Sunday, April 27, 2008

Needing Attention

I know a little girl who is about 10 or 12 yoa. She is very good at memorizing Scripture and getting all the answers and projects right in our church's midweek Bible class. She volunteers to do many things. She has a fun personality and a lot of enthusiasm. The problem is she gets into trouble a lot.

At school she's been in trouble several times lately for various things. At church regularly she is being reprimanded or made to come sit by her parents. She sometimes takes other people's things.

Some of the adults in her life have talked to her about doing right, about applying the memorized verses to her life. So far, apparently these talks haven't had effect.

I'm not around the little girl very much, but I have a possible explanation for her behavior. I think she gets a lot of attention for being bad. I don't hear people praise her for doing right very often, and that may be because doesn't do right a lot of the time. However, I believe that a child who craves attention will get it one way or the other. If negative attention is all they can get, then that's what they will try for. After a while this becomes a habit, and the child may not even think about whether to do right or wrong. I believe that if the adults and especially the parents would turn around and praise the girl for the good things she does, and praise her on a regular basis, she may start to change some of her behavior. Praise for doing right can go a long way.

I know one little boy who had acted up and out all day. He had gotten in trouble over and over until his mother was ready to "get" him. The mother decided to change her own behavior and started to praise him for small, not-so-important things that he did. That's all it took. He turned around and was a wonderful child for the rest of that day.

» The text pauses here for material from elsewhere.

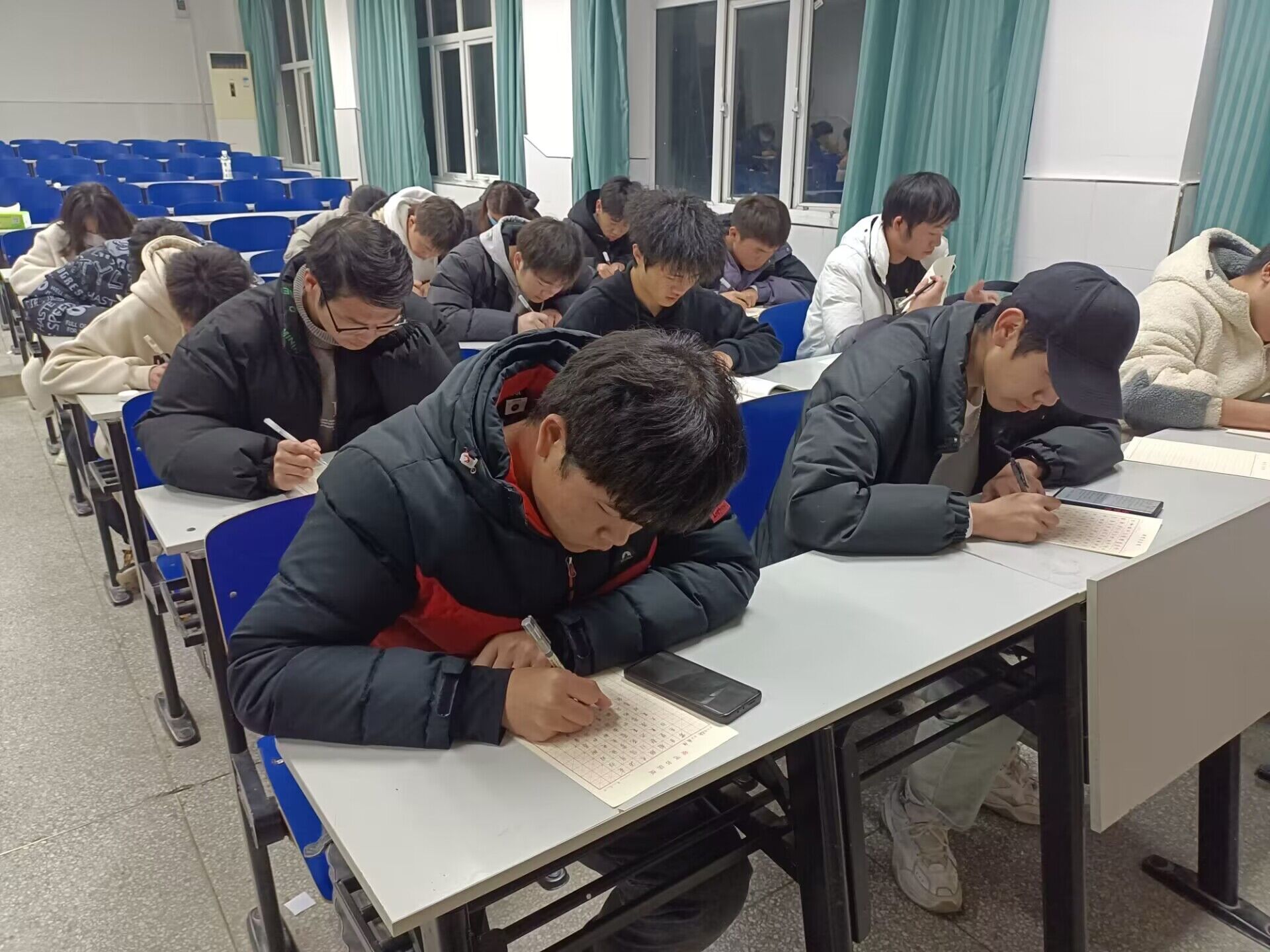 为迎接24节气大雪的到来,大力弘扬传统文化艺术,鼓励大学生全面发展,提高自我艺术修养和审美情趣,机械与汽车工程学院学生会于12月8日在5113教室举办了“迎瑞雪,书新春”书法比赛。

I know the little girl I've been talking about probably has several problems that are causing her misbehavior, but I believe giving her attention for the good she does instead of the bad may cause some change.

4 comments:

Momstheword said...

Well done! Negative attention is better than no attention at all! That's sad, though. She certainly would benefit from some positive attention.

Jen said...

You're exactly right. It's just so hard to find the good sometimes.

Paula said...

Some suggestions:

You did not hit Sue when you walked by her desk. Way to have control!

You combed your hair very well this morning. I appreciate your effort to look good and to be more grownup.

You walked out the door yesterday without tripping. Big improvement!! Thanks.

Jen said...

Easier said than done.

Actually, I'm glad that I don't really have any students like that this year. Not that some of them don't have their own mess, but none of them make me crazy. I have really good kids this year.